## Data

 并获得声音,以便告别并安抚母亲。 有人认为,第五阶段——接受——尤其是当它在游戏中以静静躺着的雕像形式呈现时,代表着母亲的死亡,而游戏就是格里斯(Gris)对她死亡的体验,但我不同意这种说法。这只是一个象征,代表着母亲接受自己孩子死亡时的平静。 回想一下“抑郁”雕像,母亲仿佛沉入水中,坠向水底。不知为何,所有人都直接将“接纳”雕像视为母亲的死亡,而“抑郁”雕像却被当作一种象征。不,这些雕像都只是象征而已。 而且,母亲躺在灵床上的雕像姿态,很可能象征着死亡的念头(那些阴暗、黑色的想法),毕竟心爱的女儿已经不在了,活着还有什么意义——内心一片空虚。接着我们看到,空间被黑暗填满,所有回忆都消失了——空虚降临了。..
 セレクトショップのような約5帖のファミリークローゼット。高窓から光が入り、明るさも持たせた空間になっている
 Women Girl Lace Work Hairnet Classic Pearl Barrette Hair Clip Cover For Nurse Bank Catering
...
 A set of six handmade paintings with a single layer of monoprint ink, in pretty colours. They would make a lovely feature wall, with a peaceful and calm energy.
---
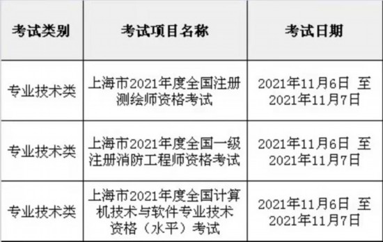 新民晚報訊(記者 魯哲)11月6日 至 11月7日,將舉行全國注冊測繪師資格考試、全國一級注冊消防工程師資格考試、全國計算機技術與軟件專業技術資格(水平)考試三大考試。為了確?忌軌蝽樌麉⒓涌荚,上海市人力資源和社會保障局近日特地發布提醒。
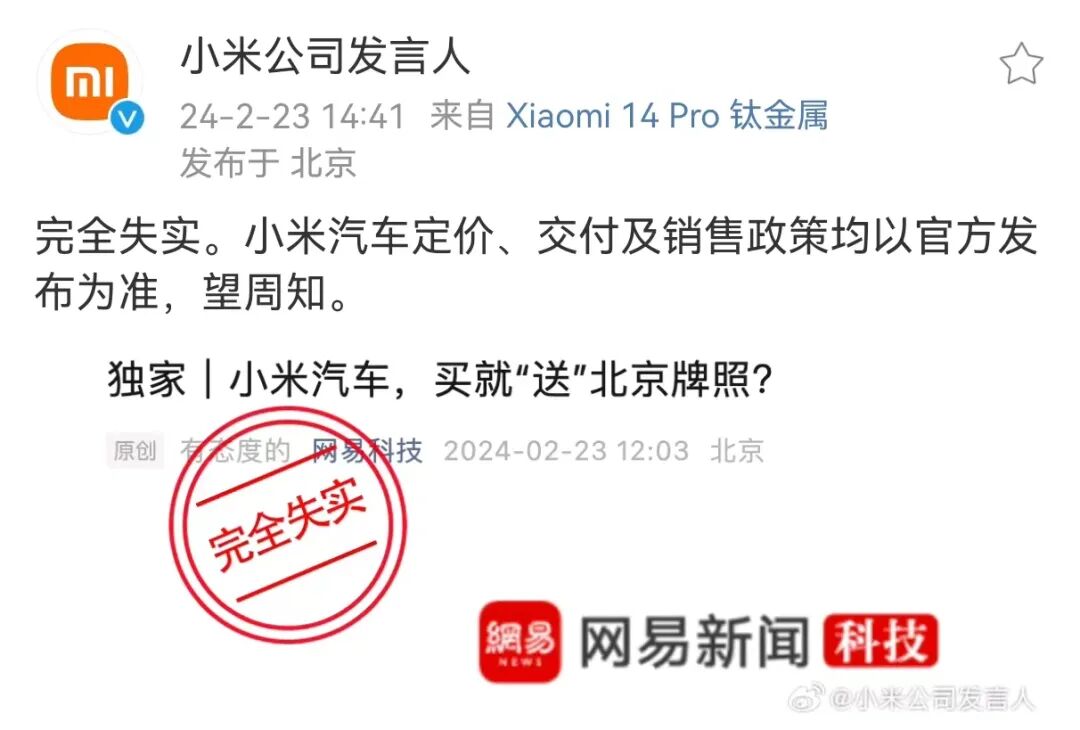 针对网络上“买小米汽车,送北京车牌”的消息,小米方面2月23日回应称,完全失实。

## What is being asked
Print, from the entries above, the line with "セレクトショップのような約5", the line with "Women Girl Lace" and all lines between them, exactly and with nothing else.

## Task response
 セレクトショップのような約5帖のファミリークローゼット。高窓から光が入り、明るさも持たせた空間になっている
 Women Girl Lace Work Hairnet Classic Pearl Barrette Hair Clip Cover For Nurse Bank Catering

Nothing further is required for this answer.